▶ **DIRECTIONS**
Everything before the line containing "your car cabin" is to be left out; repeat that line and all lines after it exactly, to the end of the data.

▶ **GIVEN INFORMATION**
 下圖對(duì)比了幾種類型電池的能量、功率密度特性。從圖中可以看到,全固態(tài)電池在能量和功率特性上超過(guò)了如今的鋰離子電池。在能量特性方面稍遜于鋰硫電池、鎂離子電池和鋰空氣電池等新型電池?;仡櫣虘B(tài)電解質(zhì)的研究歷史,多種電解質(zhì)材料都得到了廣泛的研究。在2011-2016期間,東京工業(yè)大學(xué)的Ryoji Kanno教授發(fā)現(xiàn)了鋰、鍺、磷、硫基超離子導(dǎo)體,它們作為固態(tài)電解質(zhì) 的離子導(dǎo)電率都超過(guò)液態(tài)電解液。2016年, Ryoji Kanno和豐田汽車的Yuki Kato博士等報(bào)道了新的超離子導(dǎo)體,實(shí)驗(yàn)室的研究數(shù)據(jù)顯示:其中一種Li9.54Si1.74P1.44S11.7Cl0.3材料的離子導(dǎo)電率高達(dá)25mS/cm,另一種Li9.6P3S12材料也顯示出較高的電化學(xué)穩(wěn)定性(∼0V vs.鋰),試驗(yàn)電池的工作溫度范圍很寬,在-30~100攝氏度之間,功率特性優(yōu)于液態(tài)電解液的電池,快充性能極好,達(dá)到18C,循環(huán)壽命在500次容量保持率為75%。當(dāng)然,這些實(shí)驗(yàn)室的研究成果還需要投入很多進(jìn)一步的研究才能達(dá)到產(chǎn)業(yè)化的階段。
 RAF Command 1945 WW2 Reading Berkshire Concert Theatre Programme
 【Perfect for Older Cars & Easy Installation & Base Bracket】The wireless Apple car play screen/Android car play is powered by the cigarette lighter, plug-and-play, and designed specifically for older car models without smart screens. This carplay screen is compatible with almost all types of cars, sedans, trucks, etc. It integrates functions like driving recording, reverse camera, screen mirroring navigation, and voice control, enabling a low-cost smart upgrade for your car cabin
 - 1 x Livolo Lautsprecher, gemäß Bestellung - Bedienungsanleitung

▶ **PROBLEM SOLUTION**
 【Perfect for Older Cars & Easy Installation & Base Bracket】The wireless Apple car play screen/Android car play is powered by the cigarette lighter, plug-and-play, and designed specifically for older car models without smart screens. This carplay screen is compatible with almost all types of cars, sedans, trucks, etc. It integrates functions like driving recording, reverse camera, screen mirroring navigation, and voice control, enabling a low-cost smart upgrade for your car cabin
 - 1 x Livolo Lautsprecher, gemäß Bestellung - Bedienungsanleitung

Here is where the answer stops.